I would like to conclude by discussing the obligation of the District Psychiatrist to order hospitalization of the accused. According to the law, the district psychiatrist may issue such an instruction if all the conditions stipulated by law are present, i.e. a mental patient whose illness impairs his faculty of judgment and who, as a result, presents a threat to society (either mental or physical). But even if the psychiatrist finds all these conditions to be fulfilled, the law determines that he is authorized to order hospitalization - authorized, not obligated. I find myself asking whether this is justified. Is the balance between the rights of the individual and those of society not being overstepped here? If all the severe conditions stipulated by law are found to be present, why is the psychiatrist not obligated to order hospitalization? I believe that this is very important because it is quite natural that when the psychiatrist has to decide whether or not to instruct that the patient be hospitalized, he sees first and foremost the patient standing before him, and his opposition to being hospitalized. Society is an abstract body, far away and vague, while the patient is tangible and close. It is only natural that he inclines more towards the interests of the patient than towards those of society. The District Psychiatrist may also fear that if he orders hospitalization, he may be faced at some later stage with a lawsuit with the patient claiming that he was unnecessarily hospitalized.
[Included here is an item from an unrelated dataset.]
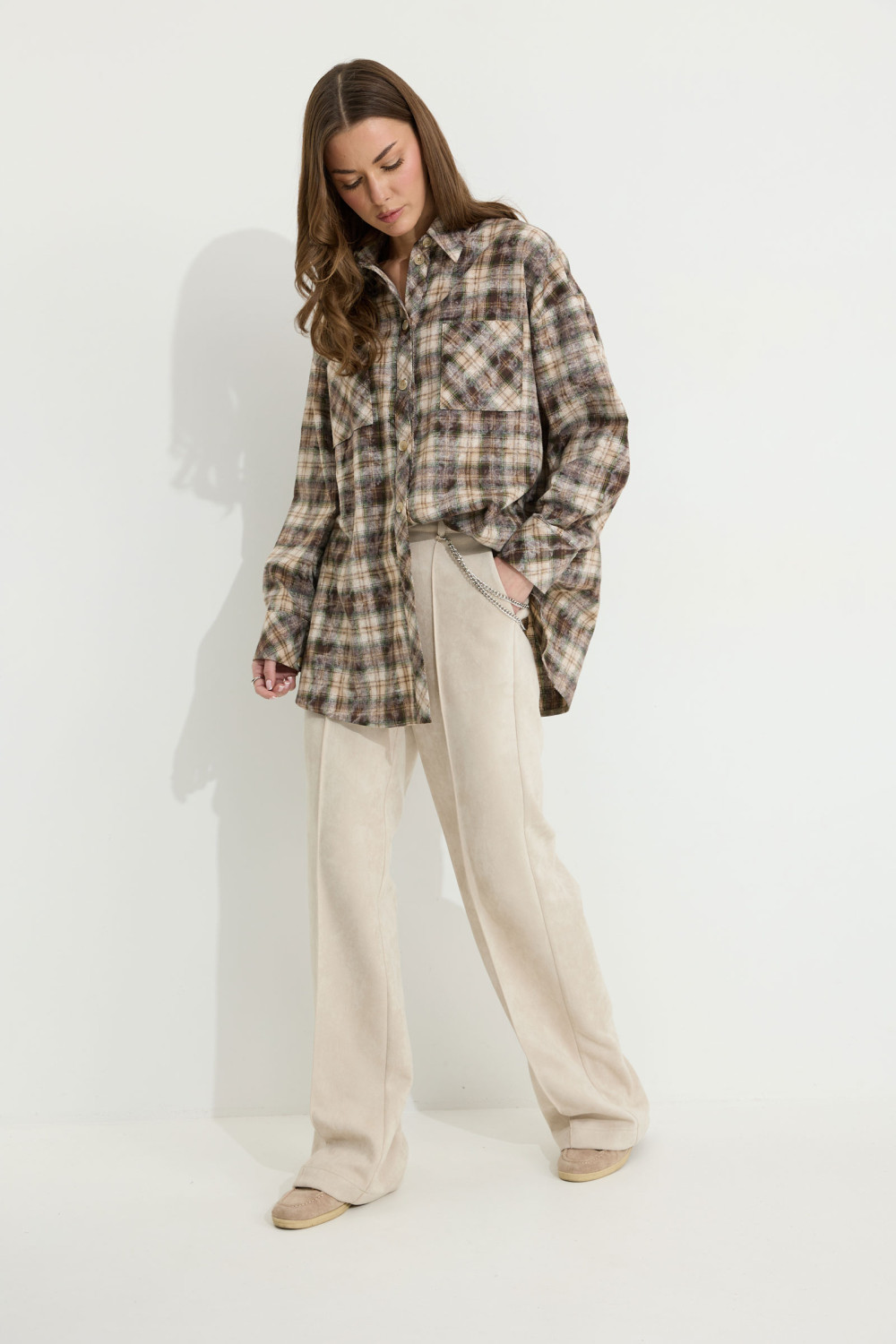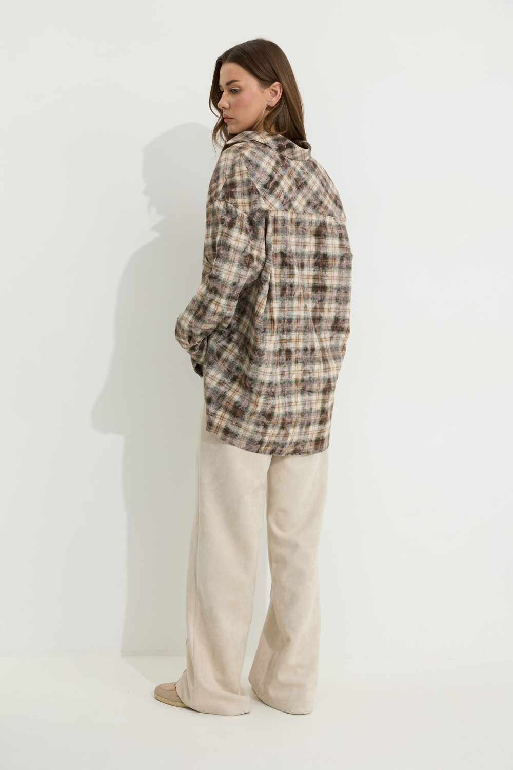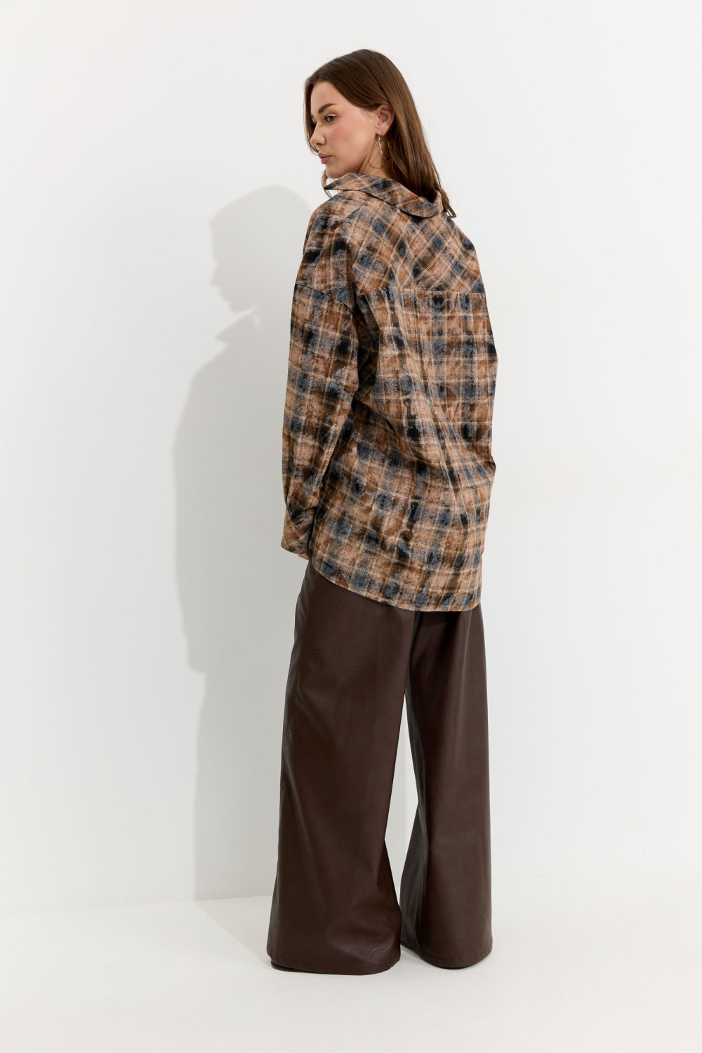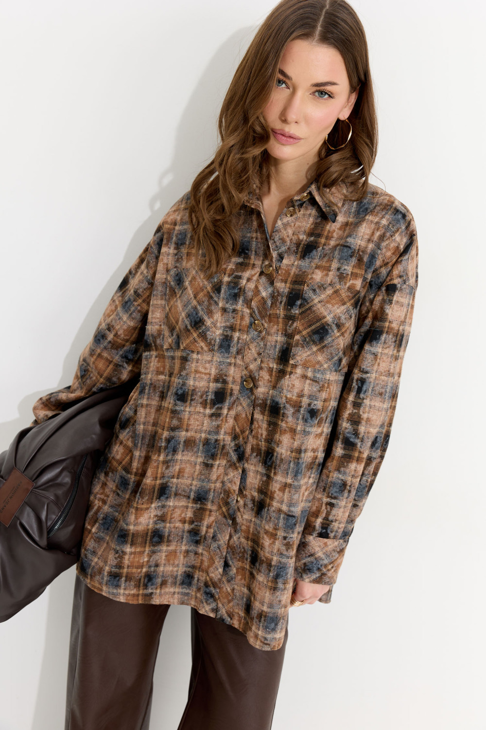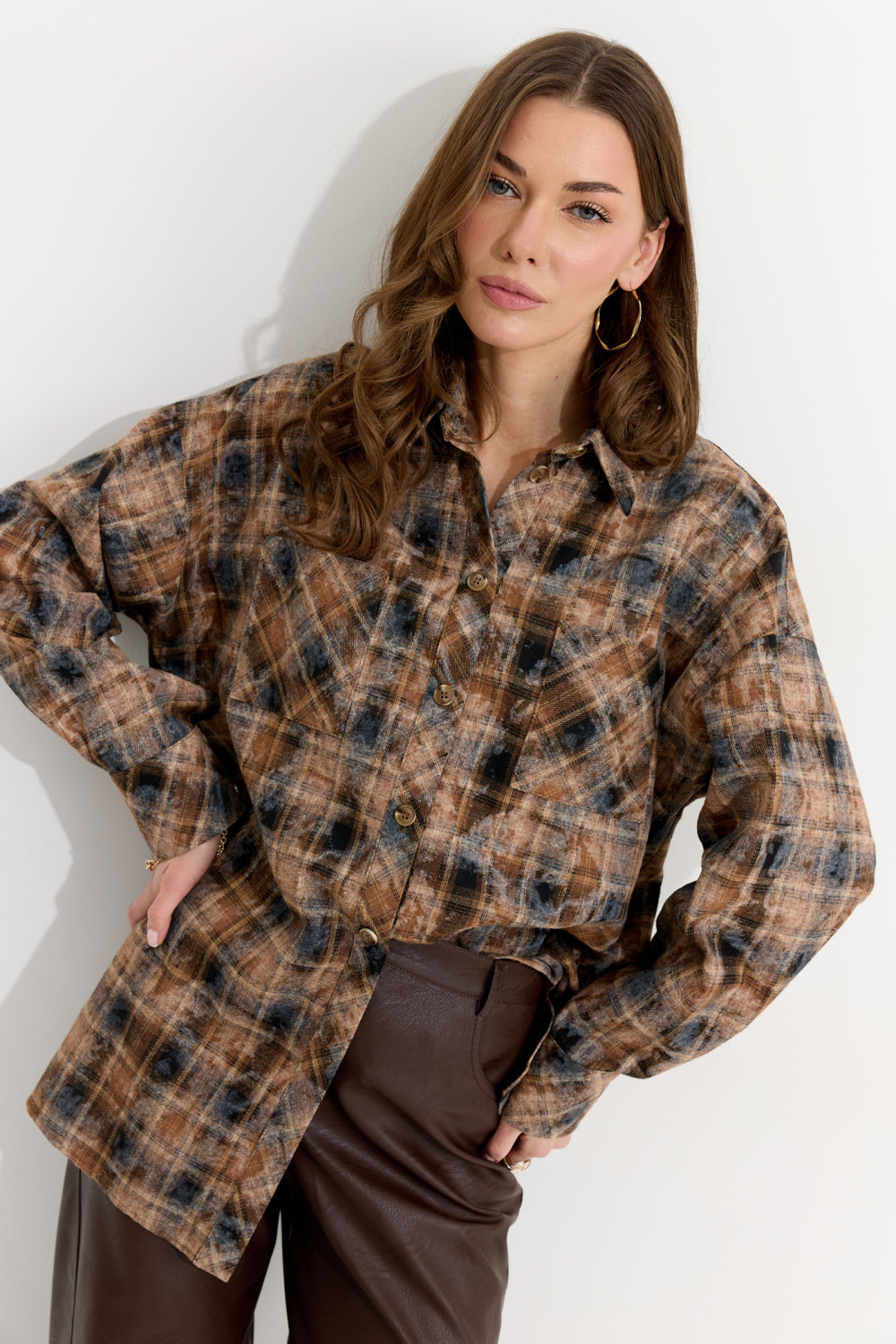 Блузка прямого силуэта из плательно-костюмной ткани с фигурным низом. Воротник стояче-отложной с отрезной стойкой, по центру застежка на петли и пуговицы. Рукав со спущенной линией плеча, по низу манжета с застежкой на петли и пуговицы. По переду накладные карманы. На спинке кокетка со складками.

And so there is a possibility that for the above reasons the District Psychiatrist will allow the rights of the patient to take precedence over those of society thereby endangering the
latter. Remember, we are speaking here only of a patient whose illness is clear; it is affecting his faculty of judgment, it has harmed his ability to understand, and it makes him dangerous. In such cases I would say that the psychiatrist should be obligated to hospitalize him. Following the hospitalization, the Psychiatric Council may release him if they find that the danger has lessened or that the problem may be solved in a different way.
I have attempted to present a survey of the rights and obligations laid down in the new Act. There can be no doubt that this law has made considerable progress in the direction of protecting the rights of the individual mental patient, and for this it deserves our praise. However, I have the feeling that the law treats the balance between the individual's rights and those of society in a way that leans in favor of the individual, and attention must be paid to this point too.